Material for this task START
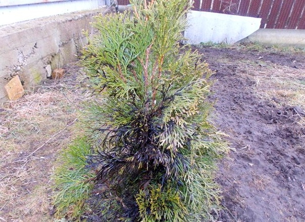 Если ты заметил, что кора легко отрывается, а под ней ходы и отверстия, значит, постарались стволовые вредители. Самый распространенный из них — туевый лубоед. Чтобы избавиться от этих насекомых, нужно в мае-июне обработать растения инсектицидами.
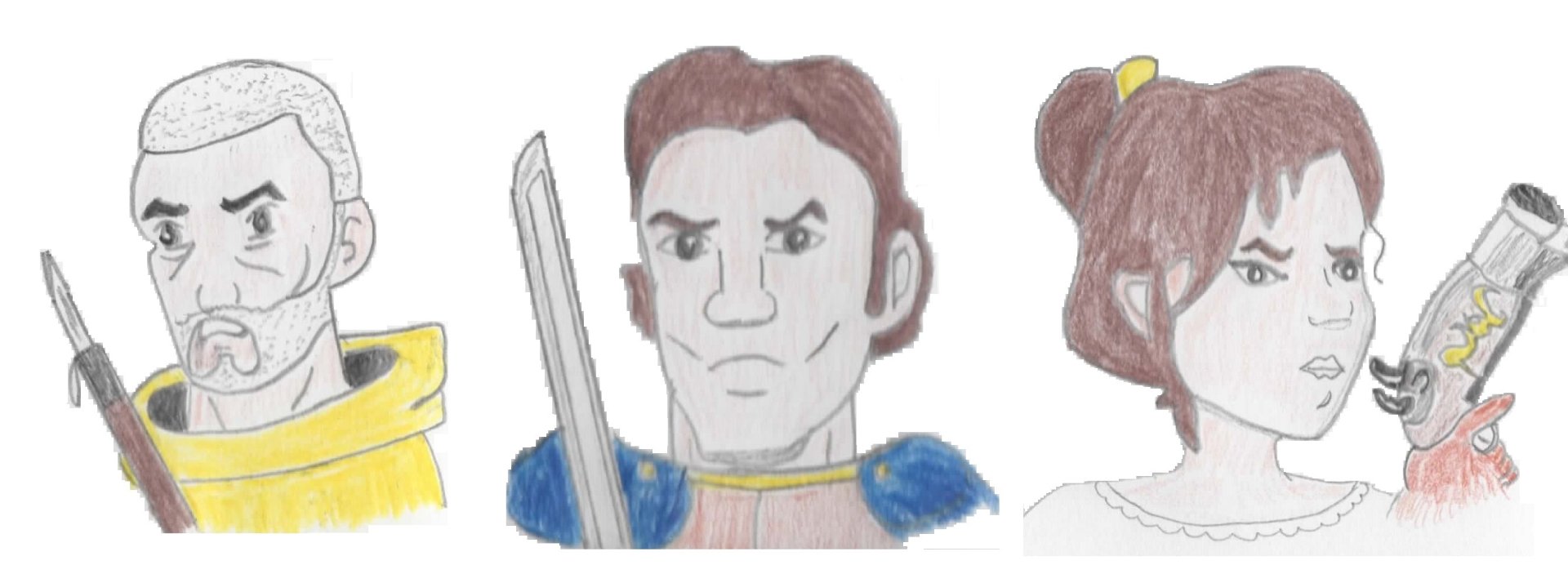 Ses autres compagnons, heureusement, avaient eux aussi déjà leurs armes en main, Athanaos tenant sa lance et Mendoza son épée.  Le trio se tient prêt à l'assault...
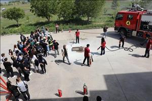 Eskişehir Teknik Üniversitesi Ulaştırma Meslek Yüksekokulu (UMYO) Sivil Havacılık Kabin Hizmetleri programı son sınıf öğrencileri, 2 Eylül Kampüsünde düzenlenen Yangın Söndürme Sertifika Eğitimine katıldı.
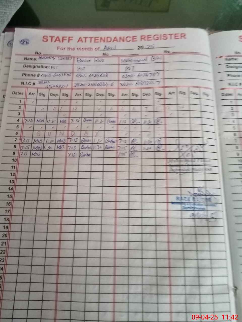 | Name: Mu**** Sh**** Designation: (School Headmaster's/Headmistress's) PST Phone/Cell Number: 03**** |
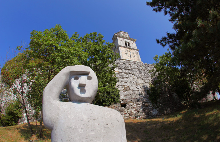 Nella foto: la rocca e chiesa di Monrupino (Repentabor), a poco più di 10 Km dal centro di Trieste (Friuli-Venezia Giulia).
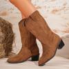 Wciągnij i zdejmij: Te kowbojskie buty do połowy łydki z szeroką cholewką łatwo się zakłada i zdejmuje.. Krój mankietu w kształcie litery V podkreśla nogi, nadając im korzystny wygląd.
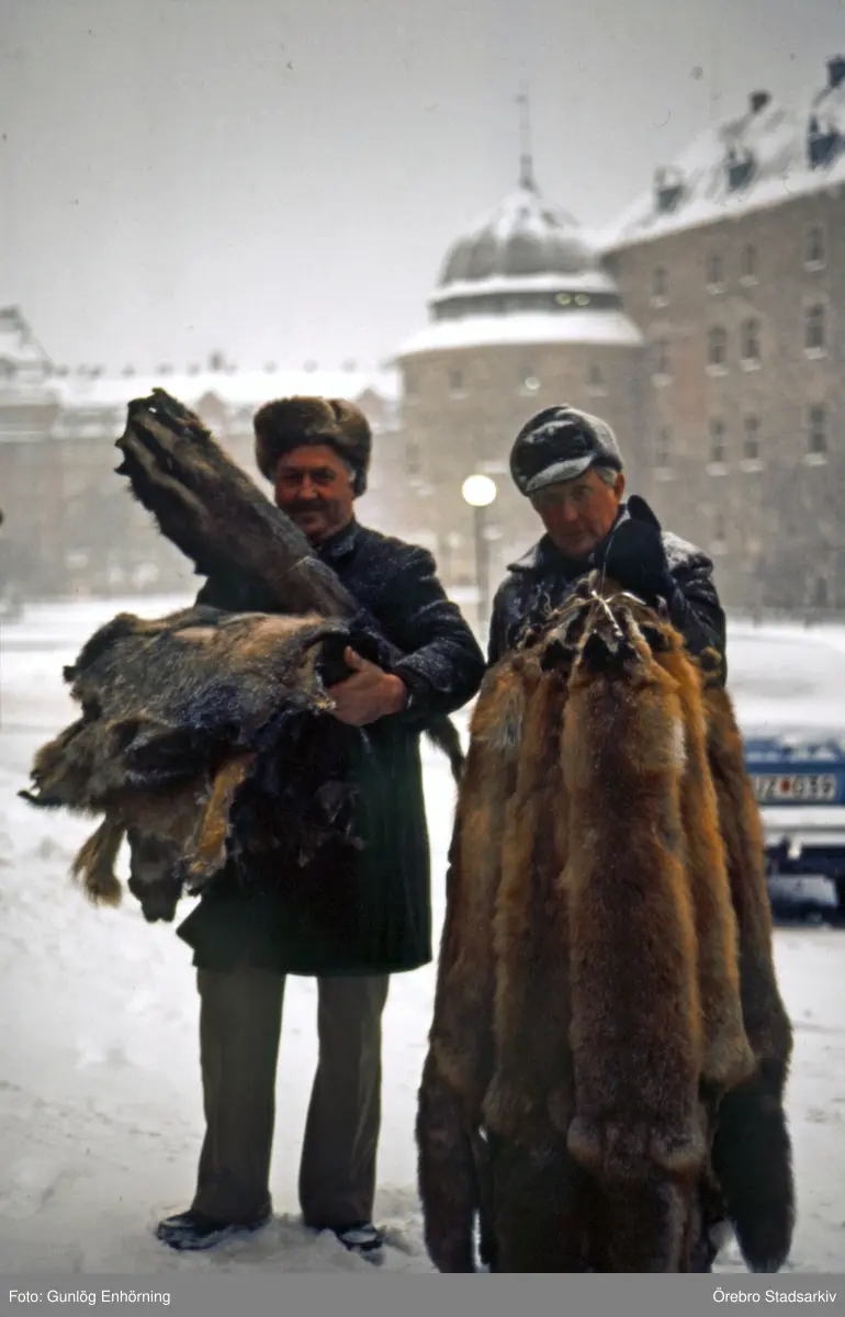Rävskinnsförsäljare under Hindersmässan, 1990
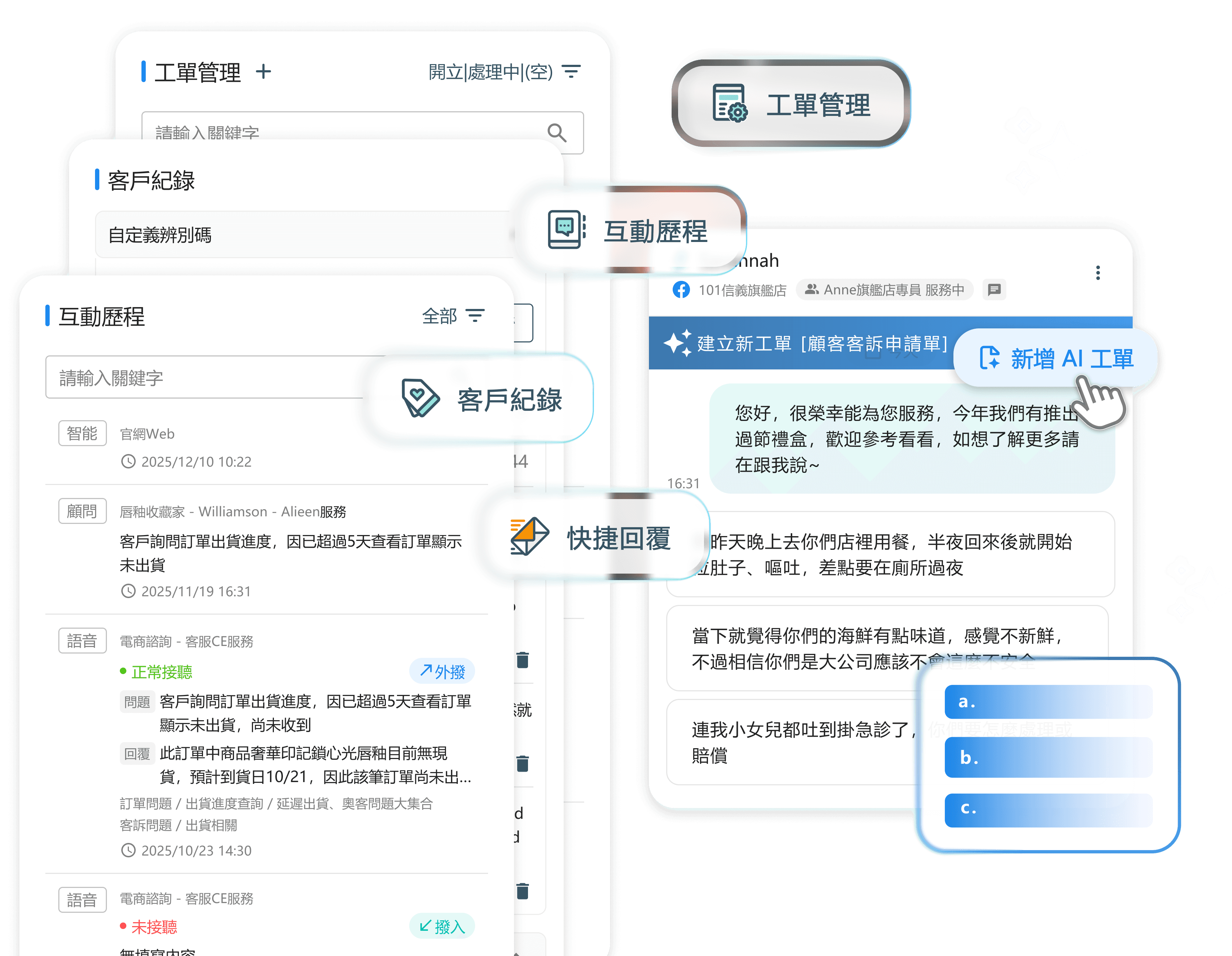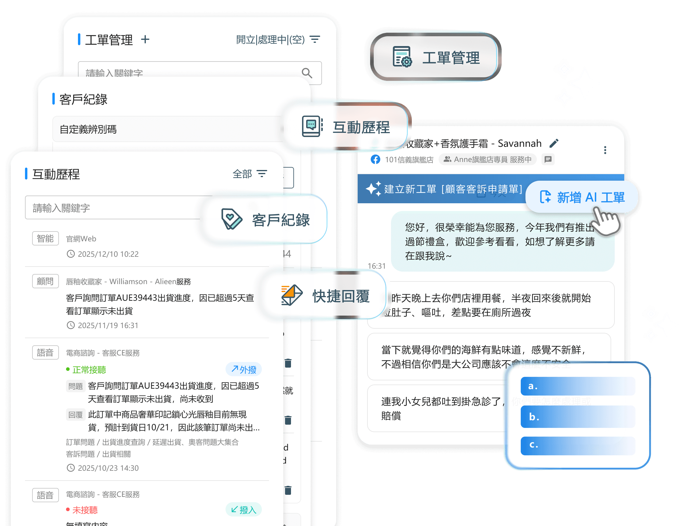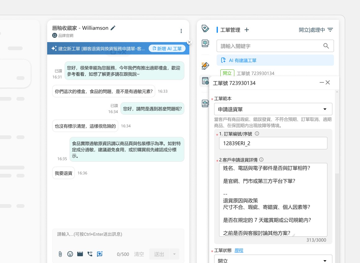 對話直接串接工單、系統與真人專員,不需要在多個工具間切換。
Material for this task END
What is needed: Each line of the data must be transcribed exactly; pictures are not carried over.

Output of the exercise:
 Если ты заметил, что кора легко отрывается, а под ней ходы и отверстия, значит, постарались стволовые вредители. Самый распространенный из них — туевый лубоед. Чтобы избавиться от этих насекомых, нужно в мае-июне обработать растения инсектицидами.
 Ses autres compagnons, heureusement, avaient eux aussi déjà leurs armes en main, Athanaos tenant sa lance et Mendoza son épée.  Le trio se tient prêt à l'assault...
 Eskişehir Teknik Üniversitesi Ulaştırma Meslek Yüksekokulu (UMYO) Sivil Havacılık Kabin Hizmetleri programı son sınıf öğrencileri, 2 Eylül Kampüsünde düzenlenen Yangın Söndürme Sertifika Eğitimine katıldı.
 | Name: Mu**** Sh**** Designation: (School Headmaster's/Headmistress's) PST Phone/Cell Number: 03**** |
 Nella foto: la rocca e chiesa di Monrupino (Repentabor), a poco più di 10 Km dal centro di Trieste (Friuli-Venezia Giulia).
 Wciągnij i zdejmij: Te kowbojskie buty do połowy łydki z szeroką cholewką łatwo się zakłada i zdejmuje.. Krój mankietu w kształcie litery V podkreśla nogi, nadając im korzystny wygląd.
Rävskinnsförsäljare under Hindersmässan, 1990
 對話直接串接工單、系統與真人專員,不需要在多個工具間切換。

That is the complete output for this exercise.